任期満了に伴う来月の知事選をめぐり、自民党県連は、新人で元副知事の平田研氏(58)の推薦を党本部に上申していましたが、党本部はこれを見送り、「自主投票」とすると公表しました。
自民党・鈴木俊一幹事長(72):
「長崎知事選について、今週22日(木)に告示されるが、県内の政治状況が現職と新人に二分されていることに鑑み、党としては、この選挙の対応を『自主投票』と決めさせていただく」
20日、自民党本部で開かれた記者会見で、鈴木俊一幹事長(72)が明言しました。
知事選では、現職の大石賢吾知事(43)と、新人で元副知事の平田研氏(58)が、ともに自民党県連に推薦を求め、県連は去年11月、平田氏を推薦する方針を決定。党本部に上申していました。
一方で、県医師連盟や県建設業協会など一部の支援団体は大石氏の推薦を決め、前回(2022年)の知事選同様、保守分裂の選挙となる見通しです。このほか、共産党県委員会常任委員の筒井涼介さん(32)が出馬を表明しています。

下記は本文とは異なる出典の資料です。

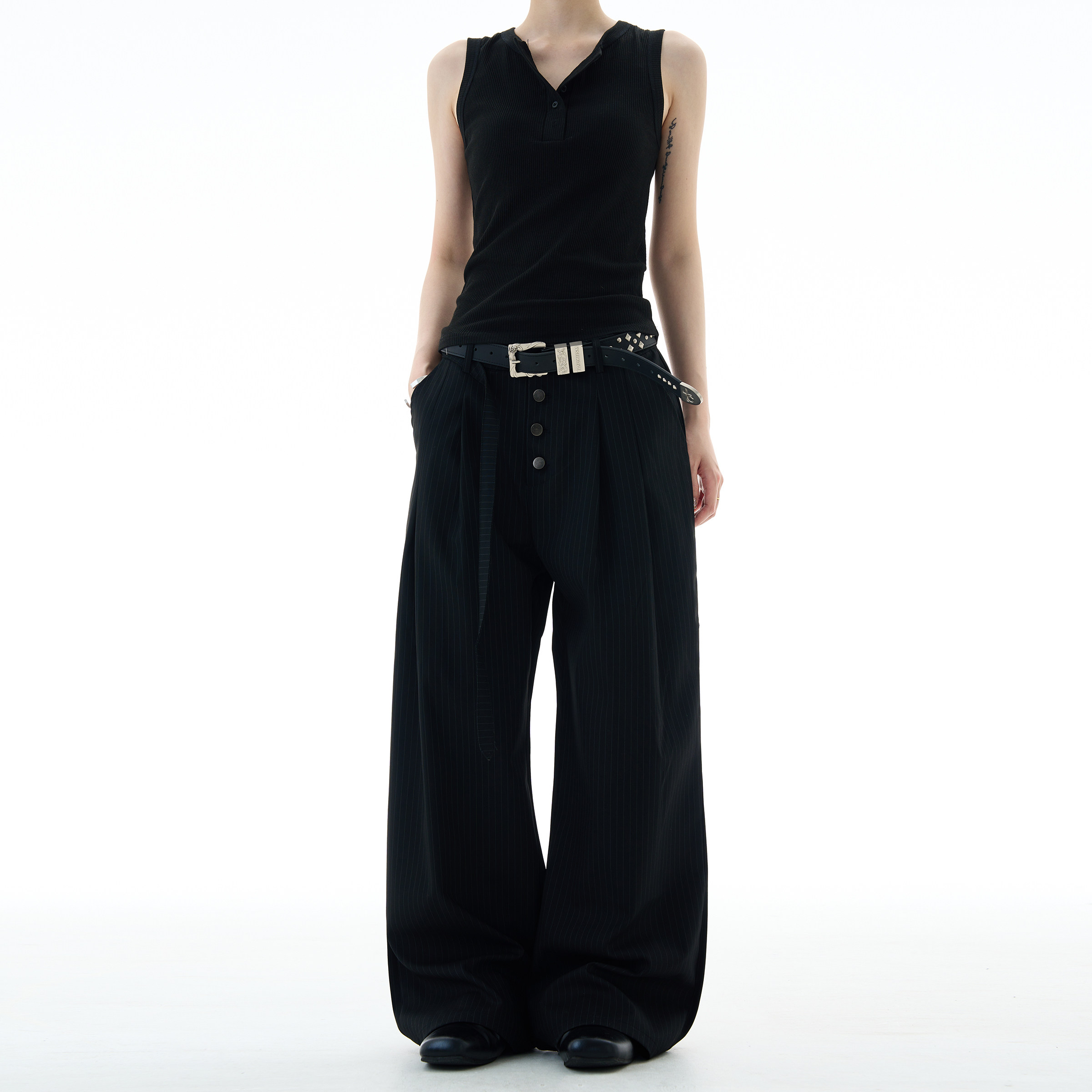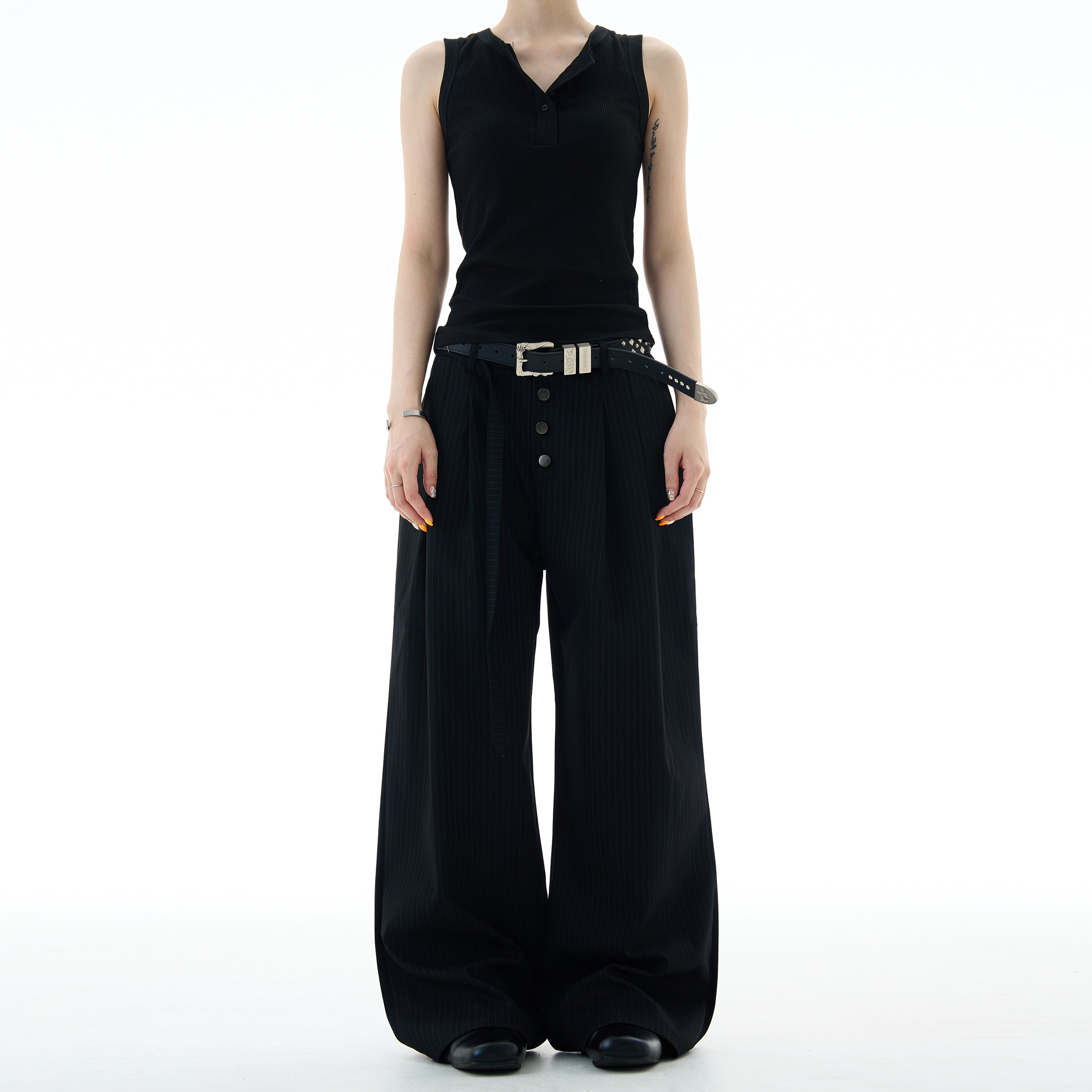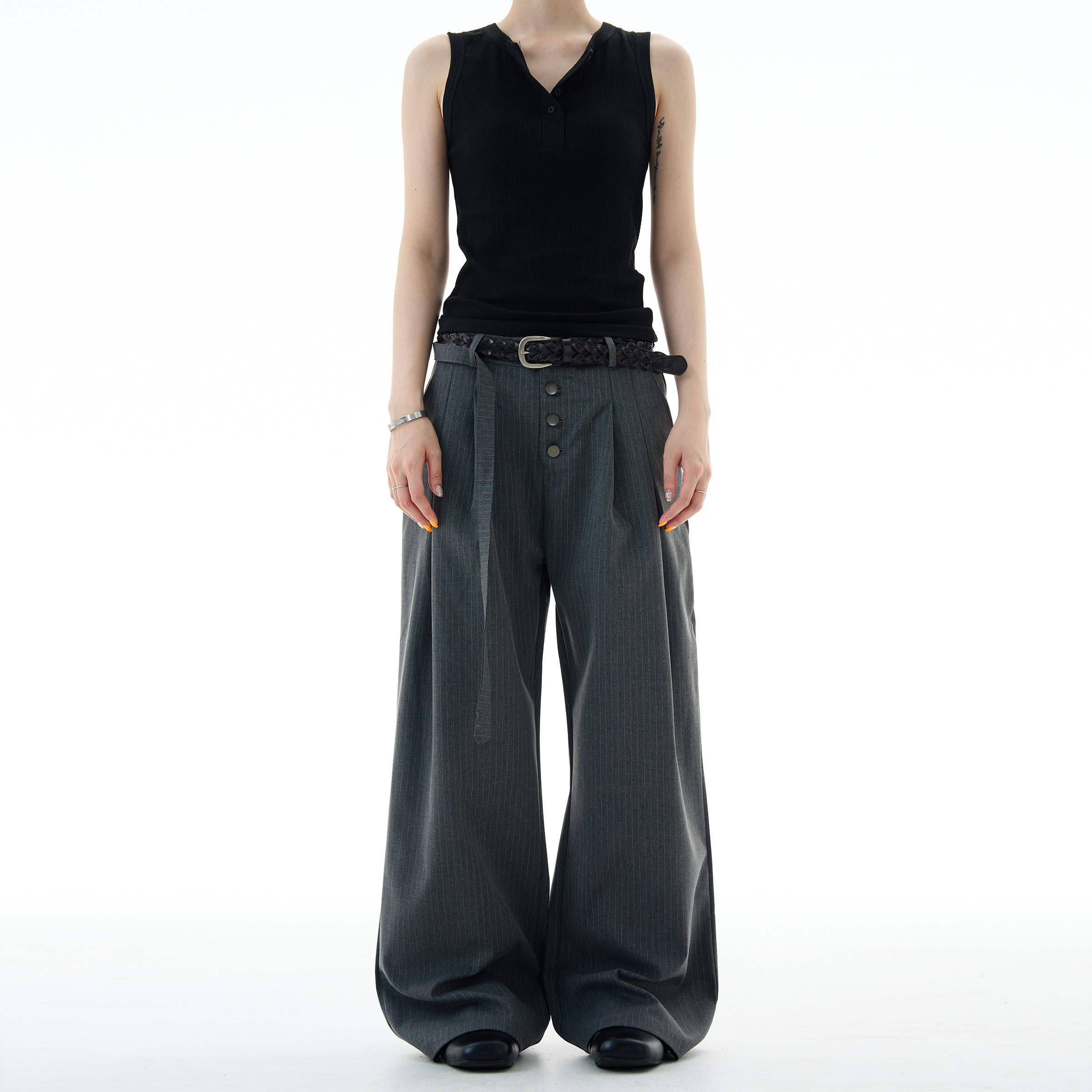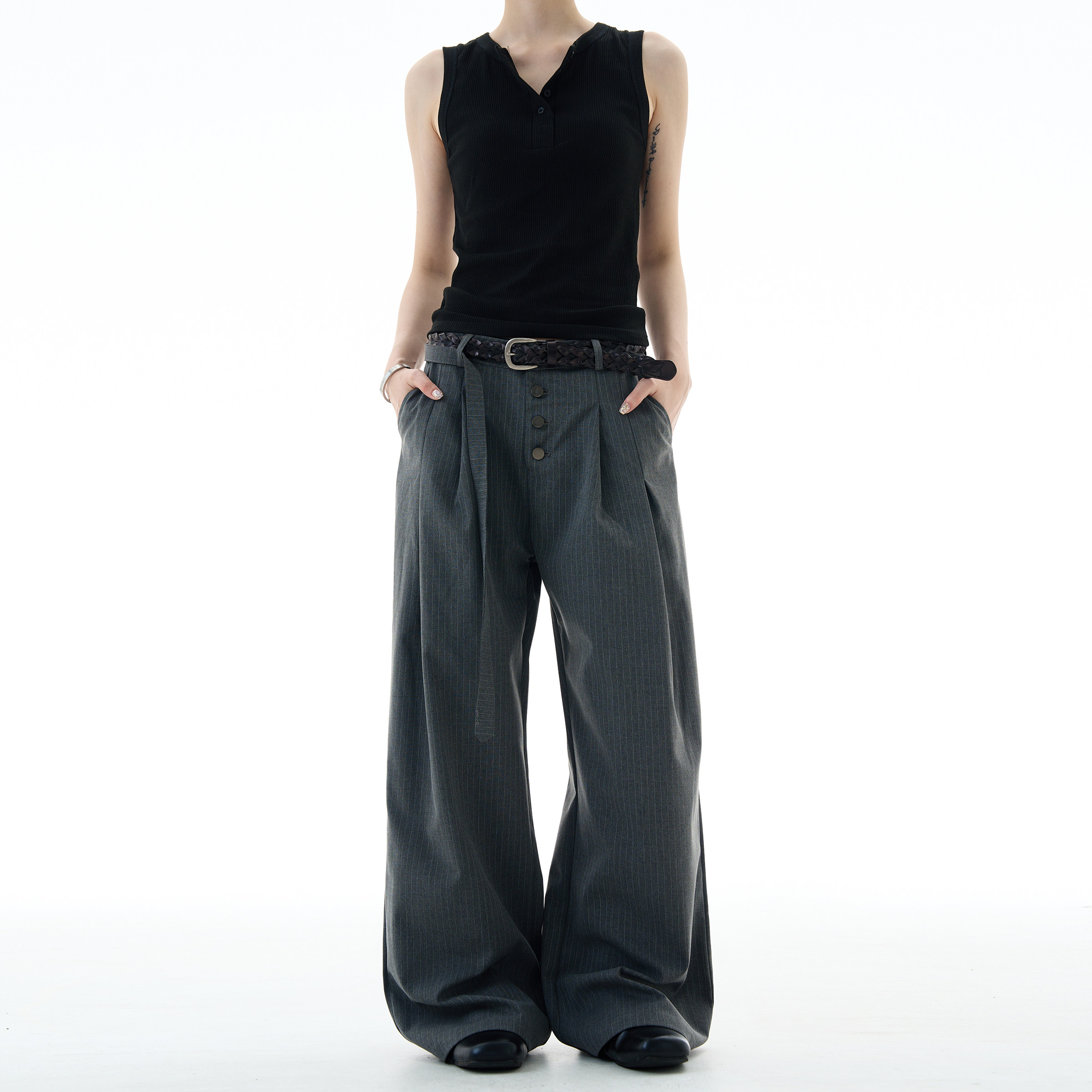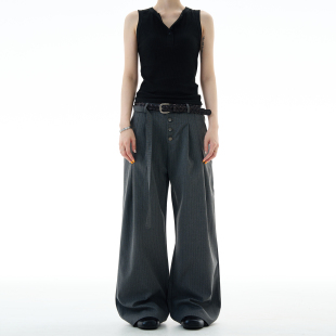 MADWITCH复古垂感条纹休闲西裤 子潮 男女排扣高级设计感绑带阔腿裤

一方、出馬を表明していた宮沢由彦氏(58)は会見を開き、出馬を辞退すると表明しました。石木ダム事業を検証する流域委員会の設置を約束する協定を平田氏が締結し、反対住民らがこの協定や平田氏を支持したとして、「石木ダムの問題を見直す第一歩になると考え、決断した」と述べました。その上で、長崎市区の県議補選に出馬するとしています。